The following are the top stories in the Maltese and overseas press.

Times of Malta reports that a drug expert has warned of a new ecstasy risk.

The Malta Independent says 34,000 Maltese are registered on Ask.fm.

MaltaToday says Marie-Louise Coleiro Preca called on MPs to give children a voice.

In-Nazzjon says the Opposition is showing it is positive and constructive by voting for a President from the other side of the political fence.

l-orizzont quotes Marie-Louise Coleiro Preca saying she would have liked to do more as Social Policy Minister.

The overseas press

A rebel group in eastern Libya has agreed with the government to end its seizure of vital oil ports within days, a senior leader told Reuters, raising hopes for an end to an eight-month stalemate that has dried up state income and fuelled chaos. 

Le Soir quotes Nato Secretary General Anders Fogh Rasmussen saying the organisation would react to all threats made by Russia against allies.

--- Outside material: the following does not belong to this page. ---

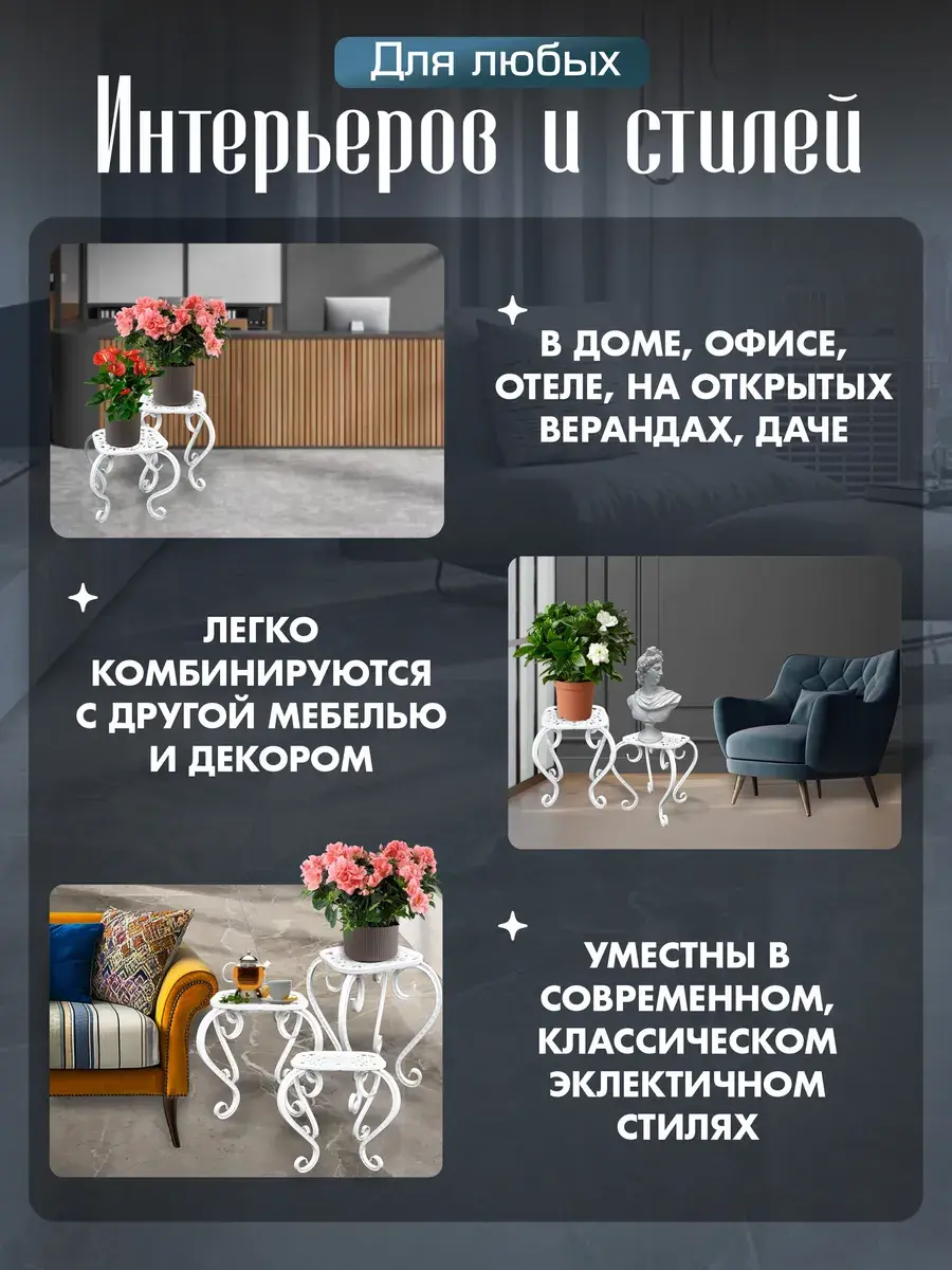 Стойки для цветов станут приятным и полезным подарком на новоселье или к другому событию. Изящные и многофункциональные предметы интерьера понравятся всем, кто хочет создать изысканную и комфортную атмосферу.

Opening of the 28-member-state North Atlantic Council sitting, he said Russia’s annexation of Ukraine’s Crimea region was the gravest threat to European security for a generation. Nato foreign ministers have agreed to suspend all practical civilian and military co-operation with Russia. Rasmussen had earlier categorically denied reports that Russia was pulling its forces back from its border with Ukraine.

The Washington Post reports the US House of Representatives has voted overwhelmingly to provide aid to Ukraine, back a $1 billion loan guarantee for the Kiev government and impose sanctions over Russia‘s annexation of Crimea. 

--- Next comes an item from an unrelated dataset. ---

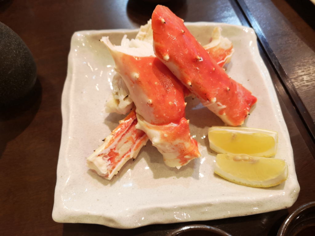 大きなタラバガニの足が出てきました。食べ応えがあります。茹でたては美味しいです。

Al Jazeera says US Secretary of State John Kerry has insisted it was completely premature to write off the Israeli-Palestinian peace talks. After cancelling a visit to the West Bank, Kerry said a lot of possibilities were in play, even though a dispute threatened to derail his efforts to extend negotiations beyond this month.

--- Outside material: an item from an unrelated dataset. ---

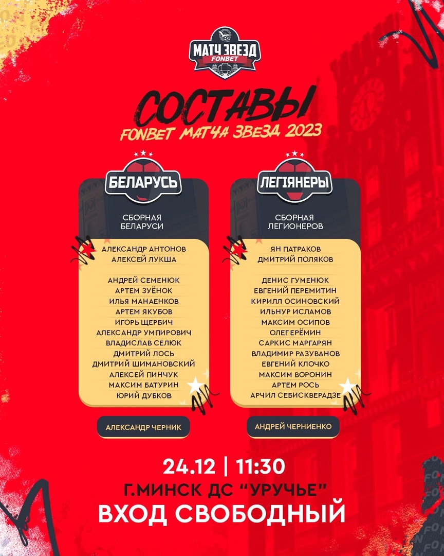 24 декабря в минском дворце спорта «Уручье» состоится товарищеский шоу-матч, в котором сыграют сборная Беларуси и сборная легионеров, выступающих в белорусском чемпионате. Начало мероприятия – в 11.30.

L’Avvenire quotes Pope Francis saying too many Catholics had lost enthusiasm for their faith and risked falling into “the spiritual disease of sloth”. During his regular morning Mass at Santa Martha’s House, Francis said some are “even embittered” and at times, hypocritical. They may attend Mass each Sunday but their spirits were closed to others and their spirits risked falling into the sin of sloth, or laziness and apathy, he warned. “They do not bother to go out to proclaim the Gospel! They are anesthetized,” he said.

Al Bawaba reports two Tunisian policemen have been sentenced to seven years in prison for raping a young woman in a case that had triggered angry protests. 

Il Sole 24 Ore says new figures showed unemployment in Italy rose to 13 per cent to 3.3 million in February – the highest level in about 37 years – and were described as “shocking” by Italian Prime Minister Matteo Renzi on a visit to London. Unemployment among youths aged 15 to 24 rose to 42.3 per cent – about 3.6 percentage points above the level recorded last year.

Bild reports a Lufthansa flight made an emergency return to Munich airport on Tuesday after a man armed with a razor blade took a flight attendant hostage. The 28-year-old Kosovo man had boarded the flight to Budapest, after being deported from Germany due to the rejection of an asylum request. The man barricaded himself in a toilet with the flight attendant. Police say the Kosovo passenger, who spoke Albanian, surrendered with the help of an interpreter.

Al-Arabiya quotes the Syrian Observatory for Human Rights saying more than 150,000 people have been killed in Syria since the conflict began in March 2011. Of these, 51,212 were civilians, including 7,985 children. The group said the figures included 37,781 members of the armed opposition, and 58,480 loyalist forces, including more than 35,000 soldiers.

ABC reports the British submarine HMS Tireless has joined nine other ships and 10 aircraft in the hunt for wreckage from Malaysia Airlines flight MH370. The Trafalgar class submarine arrived in the southern Indian Ocean and would help search for the plane’s black box recorder. It will soon by joined by Royal Navy coastal survey ship HMS Echo.

A man has been left without genitals and with three missing toes after a witch doctor told him that losing his body parts would make him rich. The man, who has been hospitalised in Zambia after he allowed the hyena to eat his manhood, has told The Times of Zambia he was promised by a witch doctor that by sacrificing his body parts he would become rich. Despite the horrific ordeal, he admitted he was still hopeful of becoming rich. The hospital described the man’s condition as stable.